We did both Octo and Buddy Breathing, I was just clarifying that we did buddy breathing, not just using the octo to share air.

ETA: I only asked/answered because people didn't seem to think that we were really taught buddy breathing in our course, as well as sharing air via octo.
 
cancun mark:
If standards were slipping so badly, fatality rates in recreational scuba would be rising not falling, as they have steadily for the last 20 years or so.

We don't know what the fatality "rates are" because we don't know how many active divers there are or how many dives are being done.

Accident and fatality counts have not droped at all in the time that I've been watching the DAN reports (about 10 years).

To help explain that I'd point out that there haven't been any substantial additions to reaining...only deletions, therefor, even if there were any safety improvements you'd be hard pressed to corellate it to any kind of training improvements. There just haven't been any.

Since so much training has become so minimal and short and fatalities haven not shot through the roof, if anything, it probably indicates that the training isn't needed at all inorder to acheive the safety record we have. there are certainly those of us who dived for a long time with no formal training and we didn't die either.

IMO, it's about time the industry stop trying to take credit for the accidents that don't happen and start taking responsibility for those that do!
 
NetDoc,

Regarding the deep air and narcosis thing, PADI teaches on air/nitrox to 165ft with no option to use helium sooner. They don't seem to agree with you on the inherent dangers of breathing air below 100 ft.

Regarding your assertion that there has been an increase in emphases on buoyancy control, PADI has reduced their buoyancy control requirements over the last few years. Specifically the hovering requirement in confined water was reduced from one minute to 30 seconds and the requirement in OW was reduced from one minute to NO time requirement at all.

In fact, I can't think of a standards change in the last 10 years that has increased the emphases on anything other than getting in the water sooner with less preparation. All the emphases seems to be on saving time.
 
Sorry...double post.
 
I am working on one cup of coffee so bear with me. Times have changed since the dark ages, in my opinion for the better, both the equiptment and the cert card ladder.
My original cert was simply scuba diver.
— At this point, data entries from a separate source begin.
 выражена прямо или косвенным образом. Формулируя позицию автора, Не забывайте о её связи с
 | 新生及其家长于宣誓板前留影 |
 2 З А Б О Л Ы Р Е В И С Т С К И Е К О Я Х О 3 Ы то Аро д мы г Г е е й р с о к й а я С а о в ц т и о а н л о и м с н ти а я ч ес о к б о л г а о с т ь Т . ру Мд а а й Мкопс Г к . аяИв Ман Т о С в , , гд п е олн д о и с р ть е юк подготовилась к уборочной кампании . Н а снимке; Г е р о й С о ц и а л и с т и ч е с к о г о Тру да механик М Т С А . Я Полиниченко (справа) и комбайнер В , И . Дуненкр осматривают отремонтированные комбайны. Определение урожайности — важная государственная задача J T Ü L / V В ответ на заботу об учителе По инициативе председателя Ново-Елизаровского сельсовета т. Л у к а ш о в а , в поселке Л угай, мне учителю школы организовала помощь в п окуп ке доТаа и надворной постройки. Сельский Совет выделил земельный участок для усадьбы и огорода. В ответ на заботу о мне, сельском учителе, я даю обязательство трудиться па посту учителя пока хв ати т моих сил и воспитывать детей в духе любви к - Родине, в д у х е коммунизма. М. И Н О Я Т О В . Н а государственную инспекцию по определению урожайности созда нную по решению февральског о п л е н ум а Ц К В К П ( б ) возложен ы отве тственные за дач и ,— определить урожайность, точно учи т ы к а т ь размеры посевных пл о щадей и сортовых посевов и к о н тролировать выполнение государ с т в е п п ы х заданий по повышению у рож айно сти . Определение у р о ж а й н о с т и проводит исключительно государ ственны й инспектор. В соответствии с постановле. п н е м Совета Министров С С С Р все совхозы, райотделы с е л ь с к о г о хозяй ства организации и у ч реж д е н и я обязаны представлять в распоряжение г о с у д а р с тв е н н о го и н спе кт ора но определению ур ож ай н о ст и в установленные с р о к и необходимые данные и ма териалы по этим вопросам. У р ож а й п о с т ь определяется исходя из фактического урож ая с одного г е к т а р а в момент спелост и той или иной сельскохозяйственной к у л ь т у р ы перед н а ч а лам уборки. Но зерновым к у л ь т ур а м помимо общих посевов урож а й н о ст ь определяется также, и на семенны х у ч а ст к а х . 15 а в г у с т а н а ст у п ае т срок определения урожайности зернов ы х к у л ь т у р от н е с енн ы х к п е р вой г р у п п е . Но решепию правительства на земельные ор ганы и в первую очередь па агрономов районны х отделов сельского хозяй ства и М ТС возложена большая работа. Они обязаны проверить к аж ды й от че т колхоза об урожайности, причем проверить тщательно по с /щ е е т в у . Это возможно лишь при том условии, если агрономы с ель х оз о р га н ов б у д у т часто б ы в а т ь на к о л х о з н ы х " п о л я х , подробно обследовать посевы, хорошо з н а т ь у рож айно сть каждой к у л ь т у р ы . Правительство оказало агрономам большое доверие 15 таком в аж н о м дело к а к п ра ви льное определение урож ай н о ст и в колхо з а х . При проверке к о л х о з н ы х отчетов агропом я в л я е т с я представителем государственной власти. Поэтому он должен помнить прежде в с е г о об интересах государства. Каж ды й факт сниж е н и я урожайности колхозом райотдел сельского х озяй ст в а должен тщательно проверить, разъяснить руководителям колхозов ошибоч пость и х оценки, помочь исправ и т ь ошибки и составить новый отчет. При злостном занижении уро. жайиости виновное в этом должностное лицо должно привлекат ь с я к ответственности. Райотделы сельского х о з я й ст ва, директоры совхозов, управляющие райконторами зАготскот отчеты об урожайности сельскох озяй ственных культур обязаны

As for standards that stick out: no one passed without ditch and don, no one passed the written test without drowning the rat and planning a deco dive on paper.
I am going to get flamed here, but I have a good nomex suit!lol
I advocate the complete self suffency of all the people I teach. There is no buddy reliance either expressed or implied, and there is complete gear redundancy based on depth and tasks at depth. That being said how they dive or behave after I am done with them is completely up to them and they have my blessing. I produce skill profecient thinking divers, and where there they go is up to them.
To respond to and earlier querry, yes when I finished my initial cert I was comfortable in the water, and skill proficiant whithout being buddy dependant, in the area I planned on diving.
That brings up another sticking point. I trained and certified where Iplanned on diving. 2 days in the keys trains you for the keys. 2 days in the keys and you dive mid-atlantic makes you a train wreck.
Eric
 
Posted in another thread in 05/2007:

No matter what the field or course of study, people will always think that it was SO much more difficult back in the days when THEY did it.
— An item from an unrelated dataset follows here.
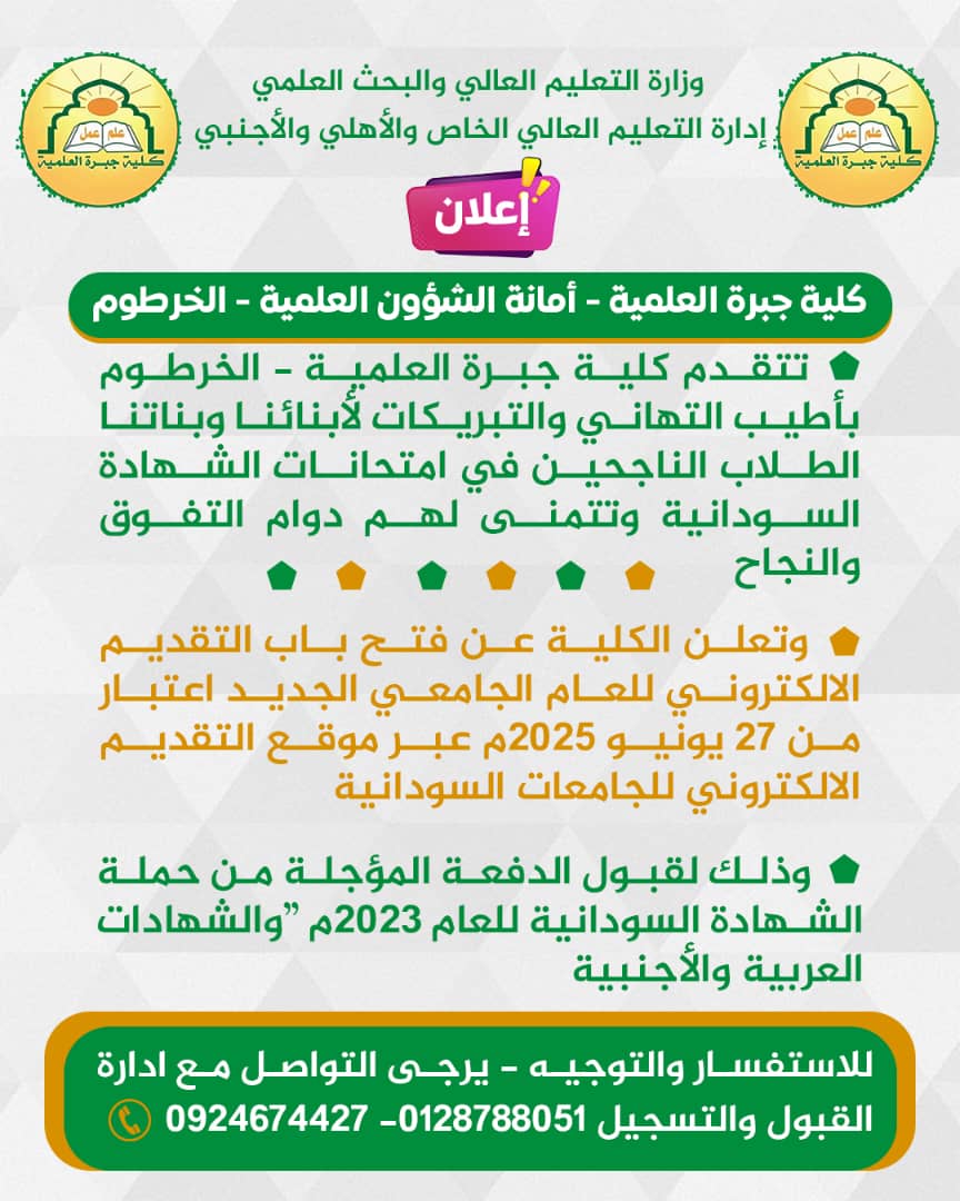 تتقدّم كلية جبرة العلمية – عطبرة بأطيب التهاني والتبريكات لأبنائنا وبناتنا الطلاب الناجحين في امتحانات الشهادة السودانية، وتتمنى لهم دوام التفوق والنجاح.

I see it all of the time among my peers. In certain cricitical care areas, we are required to have a certification called ACLS. (advanced cardiac life support)

I've been re-certifiying in it for the past 9 years and my peers with equal (or more) experience always tell the newbies that it was SOOOOO much worse back in the good old days.

It doesn't matter what field or course of study, we tend to romanticize the past.

The message that's intended is this: "Back when *I* took the course, it was so much harder so *I* must be SO much smarter than these schmucks today."

Get over yourselves.
 
Hemlon:
...The message that's intended is this: "Back when *I* took the course, it was so much harder so *I* must be SO much smarter than these schmucks today."

Get over yourselves.
I can't speak for others but my post had no such intention. Training WAS much harder/longer/complicated when I took it in 1979. It doesn't make me better or smarter, it was just what was available at the time.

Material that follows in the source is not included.